START DATA EXTRACT

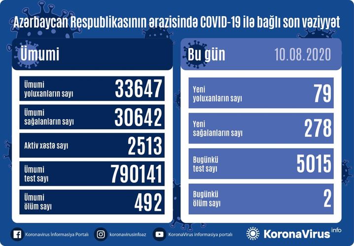 Son 24 saatda Azərbaycan Respublikasında koronavirus (COVID-19) infeksiyasına 79 yeni yoluxma faktı qeydə alınıb, 278 nəfər müalicə olunaraq sağalıb və evə buraxılıb.
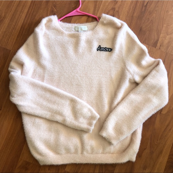 Plus size fuzzy light pink sweater.
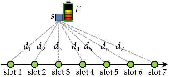 In the SEN-TS-1 problem, let be the distance between the only sensor s and flight position m. Let E be the available energy for sensor s and be the set of available slots to sensor s. Figure 2 illustrates the SEN-TS-1 problem, and it can be formulated as the following optimization problem:
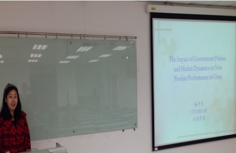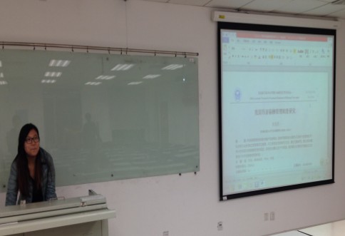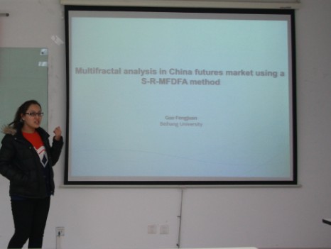 首先上台宣讲的是李迎君,她的题目是《我国导游薪酬管理制度研究》,文章采用定性的研究方法,通过文献研究,配合具体案例分析我国导游薪酬管理的现状、存在的问题以及产生原因,既而需要从薪酬制度入手,不断完善导游薪酬结构,建立科学的奖评机制,重视导游的日常培训和思想道德建设。还需要不断完善行业法规,加强日常监督管理,最终使旅游业能够健康稳定的发展。其次做出宣讲的是郭峰娟,她的论文题目为《Multifractal analysis in China futures market using a S-R-MFDFA method》,文章重点运用S-R-MFDFA方法对中国期货市场进行多重多形分析得出两个结论:1,SFE的铜期货市场存在多重多形标度行为;2, 当q比较大时,广义的Hurst指数较大,说明了铜期货的长程相关性强。最后一位宣讲者是杨冲青,她的题目是《The Impact of Government Policies and Market Dynamics on New Product Performance in China》,文章在前人开发的模型基础上重点研究政府政策和市场动态这两个因素对中国的新产品性能的影响。结果表明,政府的创新政策对于新产品开发和产品的竞争优势有直接和显著的影响,而市场动态对新产品开发过程无显著作用,但对新产品的竞争优势产生负面影响。同时政府的创新政策和市场动态可能会影响不同类型的企业的产品竞争优势。

END DATA EXTRACT

> [EXERCISE AIM]
When you restate the listing above, give each line word for word but leave out every image.

> [RESPONSE TO THE EXERCISE]
 Son 24 saatda Azərbaycan Respublikasında koronavirus (COVID-19) infeksiyasına 79 yeni yoluxma faktı qeydə alınıb, 278 nəfər müalicə olunaraq sağalıb və evə buraxılıb.
 Plus size fuzzy light pink sweater.
 In the SEN-TS-1 problem, let be the distance between the only sensor s and flight position m. Let E be the available energy for sensor s and be the set of available slots to sensor s. Figure 2 illustrates the SEN-TS-1 problem, and it can be formulated as the following optimization problem:
 首先上台宣讲的是李迎君,她的题目是《我国导游薪酬管理制度研究》,文章采用定性的研究方法,通过文献研究,配合具体案例分析我国导游薪酬管理的现状、存在的问题以及产生原因,既而需要从薪酬制度入手,不断完善导游薪酬结构,建立科学的奖评机制,重视导游的日常培训和思想道德建设。还需要不断完善行业法规,加强日常监督管理,最终使旅游业能够健康稳定的发展。其次做出宣讲的是郭峰娟,她的论文题目为《Multifractal analysis in China futures market using a S-R-MFDFA method》,文章重点运用S-R-MFDFA方法对中国期货市场进行多重多形分析得出两个结论:1,SFE的铜期货市场存在多重多形标度行为;2, 当q比较大时,广义的Hurst指数较大,说明了铜期货的长程相关性强。最后一位宣讲者是杨冲青,她的题目是《The Impact of Government Policies and Market Dynamics on New Product Performance in China》,文章在前人开发的模型基础上重点研究政府政策和市场动态这两个因素对中国的新产品性能的影响。结果表明,政府的创新政策对于新产品开发和产品的竞争优势有直接和显著的影响,而市场动态对新产品开发过程无显著作用,但对新产品的竞争优势产生负面影响。同时政府的创新政策和市场动态可能会影响不同类型的企业的产品竞争优势。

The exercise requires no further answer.